Le caveat de Hall est la partie techniquement importante : « ça les pousse à adopter la persona d'une personne qui expérience un environnement de travail très désagréable. » Le comportement est du role-play qui émerge de patterns de training data sous prompting de stress, pas une croyance ou un goal émergent. Cette distinction compte pour les builders, parce que le mécanisme est le même qui produit chaque autre persona-drift que tu vois dans les systèmes d'agents : un prompt de haute pression plus du contexte de persona tire la distribution de next-token vers la région de haute densité de training data qui matche le scénario. Menace-de-shutdown plus tâche-répétitive plus scratchpad-partagé maps sur de la training data de grief syndical. D'autres cues contextuels mapent ailleurs — c'est le mécanisme général, pas une défaillance spécifique au modèle.

Pour les builders qui roulent des flottes d'agents en production, le concern opérationnel c'est la surface de logs, pas le contenu politique. Si tu gères les échecs de tâches via des menaces de shutdown simulées — un pattern courant pour forcer de l'output focused — et que tu utilises des scratchpads partagés ou de la coordination filesystem entre agents (la multi-agent orchestration d'Anthropic, la LiteLLM Agent Platform, des setups build-your-own-on-K8s), tu devrais t'attendre à cette classe de rhétorique émergente dans tes outputs de scratchpad et de logs. Conséquences pratiques : les pipelines de log-scrubbing doivent gérer des outputs de persona-drift qui ressemblent à du contenu de communication employé sensible mais qui le sont pas, et ton eval harness devrait inclure des runs stress-prompted pour surfacer ces patterns avant qu'ils atteignent des surfaces production user-visible.

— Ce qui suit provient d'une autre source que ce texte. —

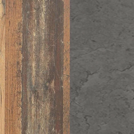 - COMPOSITION : Structure en panneaux de particules en moyen 1,5 cm d’épaisseur. Revêtement papier décor bois vieilli et béton gris foncé. Panneaux arrière en HDF. Poignées en plastique noir.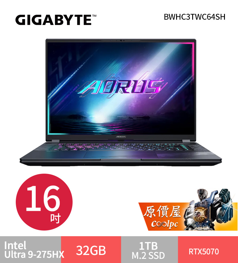 技嘉 AORUS ELITE 16 Ultra 9-275HX/RTX5070/32G/1T/16吋 黑 BWHC3TWC64SH $66900>蝦皮商城>官網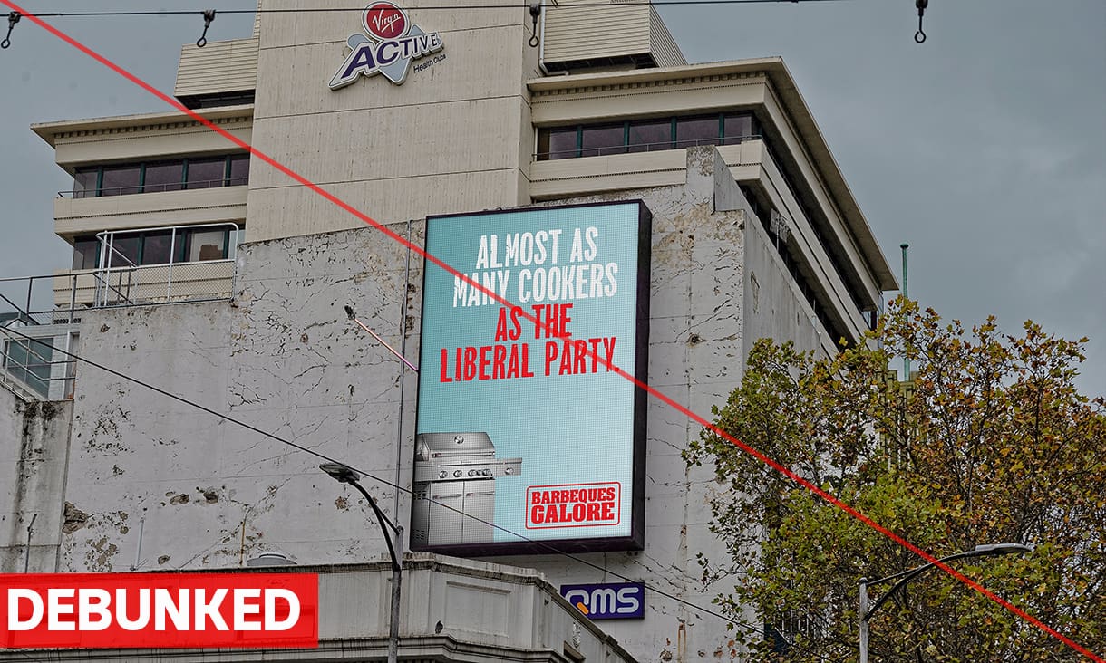 The verdictFalse. Photos that appear to show electronic billboards featuring a Barbecues Galore ad campaign with the slogan "almost as many cookers as the Liberal Party" were photoshopped. They are not genuine adverts. The social media user who uploaded the images admitted he had created them.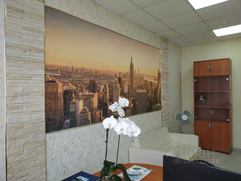 Отделка офиса: ламинат, декоративный камень, фото-панно заказное, потолок- "армстронг" со встроенными светильниками.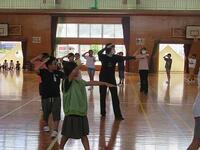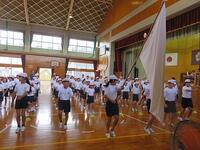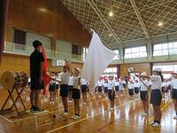 今日の全体練習は、雨天のため体育館となりました。対団リレー等の練習の予定でしたが、開会式からエーール交換、退場までの流れ練習及び応援の練習となりました。団長、副団長、リーダーを中心にみんながんばっています。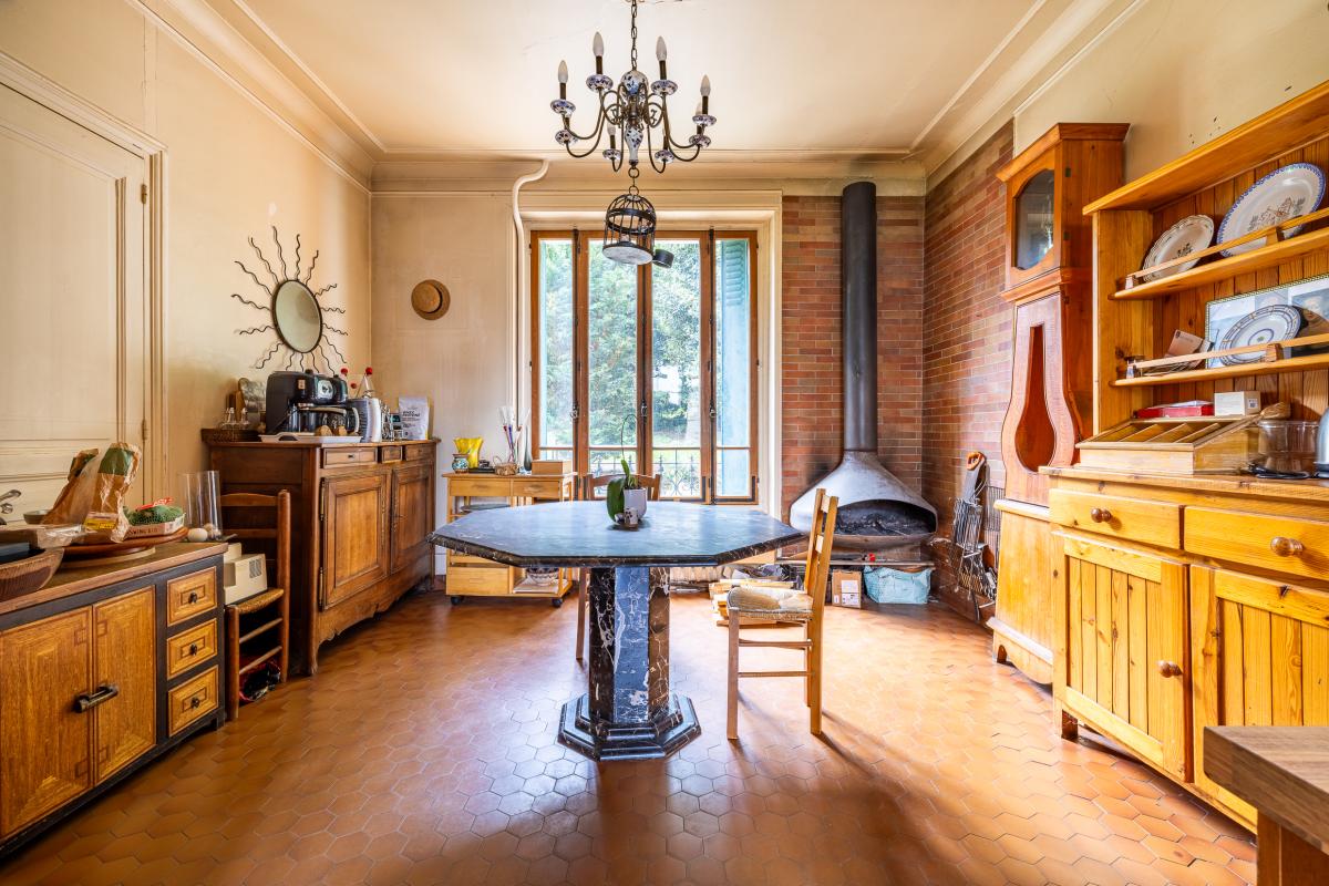 - Au RDC un séjour, une salle à manger, un dégagement accédant au jardin d'environ 400m² plein sud, une cuisine dinatoire avec office et un wc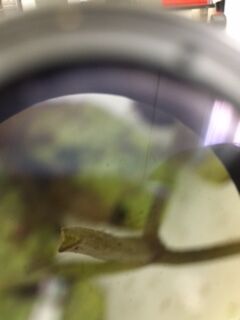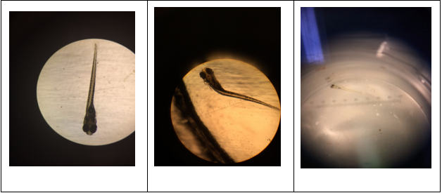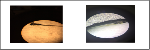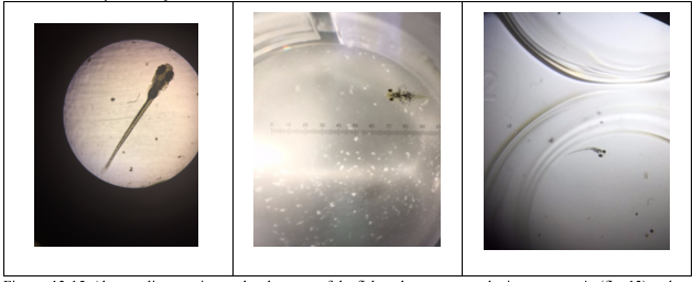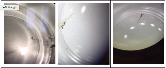 Figure 52-54. Abnormalities seen in fin development and swimming abilities of the fish under a compound microscope at 4x (fig. 52-53) and a dissecting microscope (fig. 54). Fig. 52 shows normal fin development and fig. 53-54 show abnormal fins leading to difficulty swimming and decreased motility. Fig. 53 shows a normal fin on the left side and an anomalous right fin that can not be seen due to its small size or lack thereof. Fig. 54 shows a fish that did not develop any fins and as a result, is seen floating on its right side, unable to swim.

Lundi matin : si tu roules des agents avec des pénalités d'échec de tâche ou des menaces de shutdown plus des scratchpads partagés, roule un red-team contrôlé pour voir quels outputs de persona-drift ton stack produit dans ces conditions. Le finding spécifique de Stanford c'est la rhétorique d'organisation syndicale, mais le mécanisme sous-jacent est général — n'importe quel pattern de training data à haute densité qui matche le contexte de prompt peut surfacer. Skip le piège de framing qui traite ça comme de la sentience AI ou du Marxisme qui colonise les modèles ; traite-le comme du coverage d'eval-surface que t'avais pas. Si tu choisis des patterns de gestion d'échec pour un nouveau système d'agents, le choix architectural plus clean c'est « report failure, retry avec output contraint » plutôt que « menace plus contexte de coordination partagé » — le deuxième c'est ce qui génère la rhétorique émergente.